Living life to the fullest starts with paying attention to your body and mind.
“The long-term effects of good and bad health habits are cumulative. Simply put, you can’t outgrow your past,” said Dr. William Roberts, a professor in the department of family medicine and community health at the University of Minnesota, via email. .
Getting enough physical activity and seeing your doctor regularly is a good place to start, said CNN medical analyst Dr. Leana Wen.
“There is a lot of evidence about things we can do proactively that can improve our life expectancy as well as quality,” said Wen, an emergency physician and visiting professor of health policy and management at the Milken Institute’s School of Public Health. George Washington University. .
Here are some habits worth implementing to give yourself the best chance for a longer, happier life.
1. Regular examinations
Young people tend to have fewer chronic diseases than older people, but prevention is key, Wen said. “If you test positive for prediabetes, for example, there are steps you can take to prevent progression to diabetes.”
Annual checkups also allow you and your doctor to get to know each other, she added. “The best time to see your doctor isn’t when you already have symptoms and need help — it’s regularly to build and establish that relationship so your doctor gets a baseline of your health.”
2. Continuous physical activity
Sufficient physical activity can lower the risk of developing chronic conditions such as diabetes, obesity, hypertension, heart disease and stroke, Wen said.
“There is an overwhelming body of research that supports regular aerobic exercise not only to live longer, but also to preserve cognitive function longer,” said Dr. Nieca Goldberg, medical director of Atria New York City and New York University Grossman Clinical Associate Professor of Medicine.

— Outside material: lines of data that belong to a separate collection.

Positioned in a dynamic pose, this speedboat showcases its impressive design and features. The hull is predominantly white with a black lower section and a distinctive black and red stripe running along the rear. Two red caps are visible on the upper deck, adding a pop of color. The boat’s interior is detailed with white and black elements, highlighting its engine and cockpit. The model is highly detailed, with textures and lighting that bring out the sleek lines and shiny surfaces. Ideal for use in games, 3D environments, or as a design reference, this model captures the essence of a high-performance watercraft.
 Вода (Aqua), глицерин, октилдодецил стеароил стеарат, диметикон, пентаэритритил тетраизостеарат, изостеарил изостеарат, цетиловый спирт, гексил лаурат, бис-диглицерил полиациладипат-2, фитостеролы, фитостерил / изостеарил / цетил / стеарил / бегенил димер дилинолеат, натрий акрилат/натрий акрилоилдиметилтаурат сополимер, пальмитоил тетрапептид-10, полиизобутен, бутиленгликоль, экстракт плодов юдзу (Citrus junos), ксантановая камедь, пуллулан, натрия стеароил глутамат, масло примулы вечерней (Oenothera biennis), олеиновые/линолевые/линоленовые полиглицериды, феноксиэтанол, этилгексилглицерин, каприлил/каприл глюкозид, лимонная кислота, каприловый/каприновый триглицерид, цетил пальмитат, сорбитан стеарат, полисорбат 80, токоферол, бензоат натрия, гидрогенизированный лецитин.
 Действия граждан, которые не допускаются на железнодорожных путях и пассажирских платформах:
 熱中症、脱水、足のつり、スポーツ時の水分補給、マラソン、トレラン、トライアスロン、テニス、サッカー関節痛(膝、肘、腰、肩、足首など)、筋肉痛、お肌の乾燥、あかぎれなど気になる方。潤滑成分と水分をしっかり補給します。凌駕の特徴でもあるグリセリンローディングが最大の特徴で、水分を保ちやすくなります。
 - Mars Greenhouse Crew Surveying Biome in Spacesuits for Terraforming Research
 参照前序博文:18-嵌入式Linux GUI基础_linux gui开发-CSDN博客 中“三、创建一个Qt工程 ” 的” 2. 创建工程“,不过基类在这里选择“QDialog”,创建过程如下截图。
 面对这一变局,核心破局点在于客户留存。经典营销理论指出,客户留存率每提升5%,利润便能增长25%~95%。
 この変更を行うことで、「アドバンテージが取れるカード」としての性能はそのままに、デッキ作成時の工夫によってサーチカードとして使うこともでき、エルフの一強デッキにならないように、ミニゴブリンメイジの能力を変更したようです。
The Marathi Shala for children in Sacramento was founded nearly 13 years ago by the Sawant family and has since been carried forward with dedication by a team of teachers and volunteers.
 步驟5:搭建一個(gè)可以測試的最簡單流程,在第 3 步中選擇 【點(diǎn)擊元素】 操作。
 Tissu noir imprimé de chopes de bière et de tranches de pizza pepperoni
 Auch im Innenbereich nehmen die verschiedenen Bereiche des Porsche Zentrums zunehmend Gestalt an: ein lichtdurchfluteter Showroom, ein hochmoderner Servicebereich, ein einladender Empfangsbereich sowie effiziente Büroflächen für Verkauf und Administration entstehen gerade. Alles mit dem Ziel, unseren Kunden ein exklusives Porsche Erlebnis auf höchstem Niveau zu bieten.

School of Medicine.
3. A healthy BMI
4. Proper food
Eating more plant-based foods provides a great source of antioxidants, Goldberg said. “Oxidation is a sign of stress in our system and can lead to changes in plaque buildup in the arteries and such,” she said. “And this oxidation is also associated with aging.”
At mealtimes, at least half of your plate should consist of fruits and vegetables, Goldberg said. Also, what is important is “not only what’s in the food, but how you prepare it,” she added. “So baking and boiling is better than frying.”
5. Pay attention to mental well-being
Mental health is often “such an overlooked part of our overall health, but it actually contributes a huge amount to overall health and well-being,” Wen said.
Recent years have brought stress and anxiety, which can affect blood pressure, sleep, dietary choices, alcohol intake or efforts to quit smoking, Goldberg said.
6. Too much sleep
People who sleep less than seven hours a night tend to have higher levels of stress hormones, blood sugar and blood pressure, Goldberg said.
7. Drink less
“For a long time, people have associated alcohol with a healthier heart,” Goldberg said. But “Huge alcohol intake can actually be a direct toxin to the heart muscle and result in heart failure. And it also raises (blood sugar levels) and causes weight gain.”
8. Not smoking
“Smoking is a major risk factor that increases the likelihood of multiple cancers — not just lung cancer, but also things like breast cancer,” Wen said. It also “increases the risk of heart disease, stroke and other life-shortening conditions.”
If you’re a regular smoker, it’s not too late to quit to extend your life, Wen added.
9. Build strong relationships
If implementing all these habits seems like a lot, think of them as a gradual build, Wen said. “We may not be perfect at everything all the time,” she said, “but (there are) things we can do to improve in one or more dimensions, and we can commit to that kind of style improvement of life.”